**WHAT TO WORK ON**
Copy out each record that follows exactly, and omit any picture you find.

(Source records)
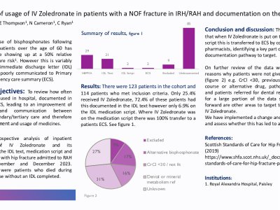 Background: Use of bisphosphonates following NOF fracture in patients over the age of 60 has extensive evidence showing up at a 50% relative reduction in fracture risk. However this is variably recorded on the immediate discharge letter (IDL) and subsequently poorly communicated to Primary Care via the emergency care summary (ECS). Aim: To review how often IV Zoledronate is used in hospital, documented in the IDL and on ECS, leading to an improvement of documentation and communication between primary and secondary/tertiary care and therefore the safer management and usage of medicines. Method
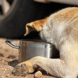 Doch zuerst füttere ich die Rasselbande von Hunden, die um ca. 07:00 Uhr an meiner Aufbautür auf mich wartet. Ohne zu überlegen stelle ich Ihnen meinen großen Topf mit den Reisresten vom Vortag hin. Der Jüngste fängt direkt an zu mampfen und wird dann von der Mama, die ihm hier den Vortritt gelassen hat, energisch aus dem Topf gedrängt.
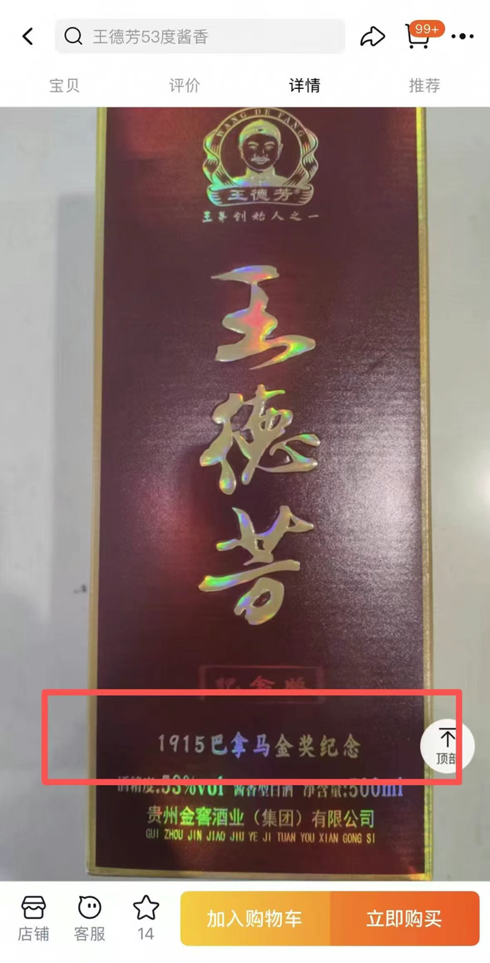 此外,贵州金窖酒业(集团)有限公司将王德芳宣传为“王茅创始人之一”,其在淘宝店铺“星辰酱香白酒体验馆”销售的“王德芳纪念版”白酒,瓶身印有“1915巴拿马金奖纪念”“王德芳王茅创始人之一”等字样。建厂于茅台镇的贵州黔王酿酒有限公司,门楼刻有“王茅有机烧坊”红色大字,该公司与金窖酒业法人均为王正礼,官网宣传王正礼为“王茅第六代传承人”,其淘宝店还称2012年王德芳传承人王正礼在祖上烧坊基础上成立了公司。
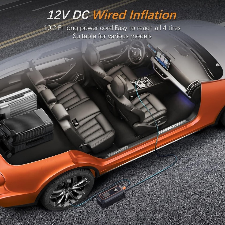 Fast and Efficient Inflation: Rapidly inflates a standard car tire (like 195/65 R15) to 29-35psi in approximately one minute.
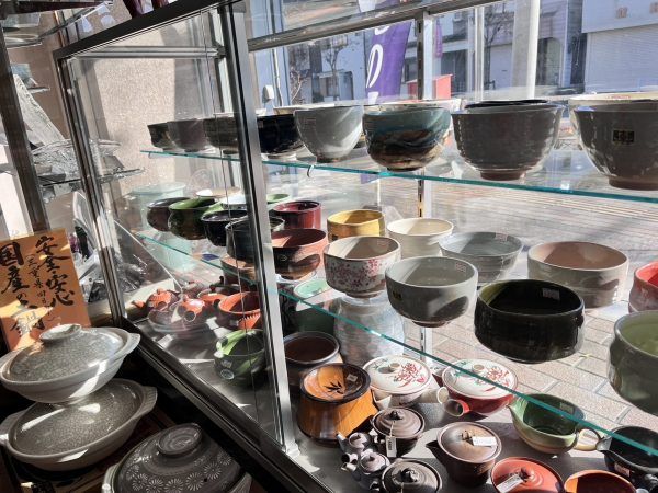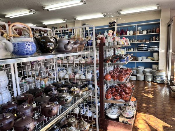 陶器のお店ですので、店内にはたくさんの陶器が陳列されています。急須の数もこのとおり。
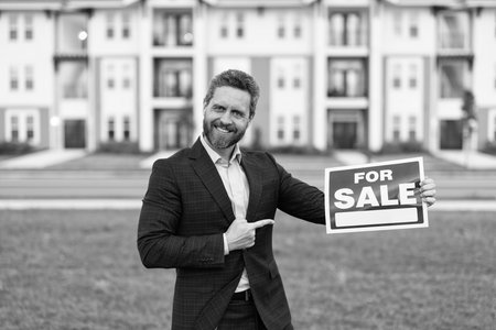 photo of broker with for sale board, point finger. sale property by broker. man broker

**WORKED SOLUTION**
 Background: Use of bisphosphonates following NOF fracture in patients over the age of 60 has extensive evidence showing up at a 50% relative reduction in fracture risk. However this is variably recorded on the immediate discharge letter (IDL) and subsequently poorly communicated to Primary Care via the emergency care summary (ECS). Aim: To review how often IV Zoledronate is used in hospital, documented in the IDL and on ECS, leading to an improvement of documentation and communication between primary and secondary/tertiary care and therefore the safer management and usage of medicines. Method
 Doch zuerst füttere ich die Rasselbande von Hunden, die um ca. 07:00 Uhr an meiner Aufbautür auf mich wartet. Ohne zu überlegen stelle ich Ihnen meinen großen Topf mit den Reisresten vom Vortag hin. Der Jüngste fängt direkt an zu mampfen und wird dann von der Mama, die ihm hier den Vortritt gelassen hat, energisch aus dem Topf gedrängt.
 此外,贵州金窖酒业(集团)有限公司将王德芳宣传为“王茅创始人之一”,其在淘宝店铺“星辰酱香白酒体验馆”销售的“王德芳纪念版”白酒,瓶身印有“1915巴拿马金奖纪念”“王德芳王茅创始人之一”等字样。建厂于茅台镇的贵州黔王酿酒有限公司,门楼刻有“王茅有机烧坊”红色大字,该公司与金窖酒业法人均为王正礼,官网宣传王正礼为“王茅第六代传承人”,其淘宝店还称2012年王德芳传承人王正礼在祖上烧坊基础上成立了公司。
 Fast and Efficient Inflation: Rapidly inflates a standard car tire (like 195/65 R15) to 29-35psi in approximately one minute.
 陶器のお店ですので、店内にはたくさんの陶器が陳列されています。急須の数もこのとおり。
 photo of broker with for sale board, point finger. sale property by broker. man broker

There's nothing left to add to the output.